Free Energy Calculations on the Binding of Natural Latrunculins and Semi-synthetic Derivatives to G-Actin

Latrunculins are significant biological molecules isolated from Negombata species, characterized by a macrocyclic lactone ring and a 2-thiazolidinone moiety. In vitro experiments revealed that the latrunculins disrupt actin polymerization. Despite having a wide variety of biological activities, their direct therapeutic use is limited by cytotoxicity. However modified latrunculins show great potential to have a wide range of useful biological activities including related to Alzheimer's disease [1,2]. We have designed a few synthetically feasible analogs of Latrunculin B with intentions to have compounds with reduced toxicity and better binding. Both naturally available and newly designed molecules were subjected to induced fit docking into G-actin. Molecular dynamics simulations and binding free energy (BFE) calculations of G-actin and the latrunculins were carried out. The docking studies revealed the binding mode of latrunculin B and analogs and were helpful to suggest possible modifications to reduce the toxicity [3]. The BFE calculations agreed well with actin polymerization inhibition data demonstrating that the recently isolated oxalatrunculin B binds more weakly than latrunculins A and B to G-actin. The binding of the latrunculins to G-actin and details of the protein-ligand interactions explain the decrease in activity of oxalatrunculin B and semi-synthetic analogs, reduced inhibition which should be beneficial for avoiding general toxicity.

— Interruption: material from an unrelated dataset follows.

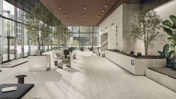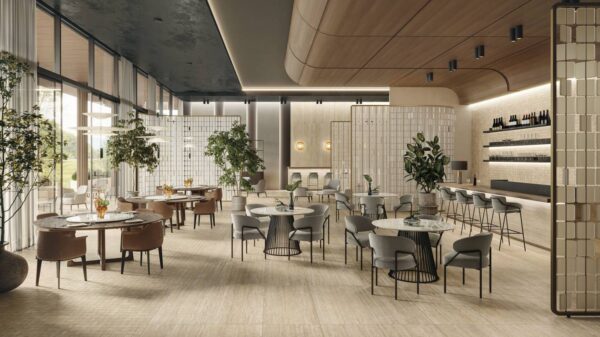 Porcelain mosaics complement the Trail Refined and Trail Vibrant surfaces, enhancing wall and floor design through an extra layer of sophistication, providing patterns that elevate the aesthetic of any space. Landmark’s Veneer World Atelier introduces a new, tactile dimension to wall surfaces. The three-dimensional texture Atelier Bamboo adds depth to spaces, transforming walls into captivating architectural elements.

Acknowledgements: NIH National Center for Research Resources C06 RR-14503-01 and 5P20RR021929; National Science Foundation EPS-0556308. PRD is a University of Mississippi NIH CORE-NPN Natural Products Neuroscience Fellow. References: [1] Harms C, et al. (2004), Mol Cell Neurosci. 25: 69–82. [2] Fulga TA, et al. (2007), Nat Cell Biol, 9: 139–48. [3] Ahmed SA, et al. (2007), Org Lett, 9: 4773–4776.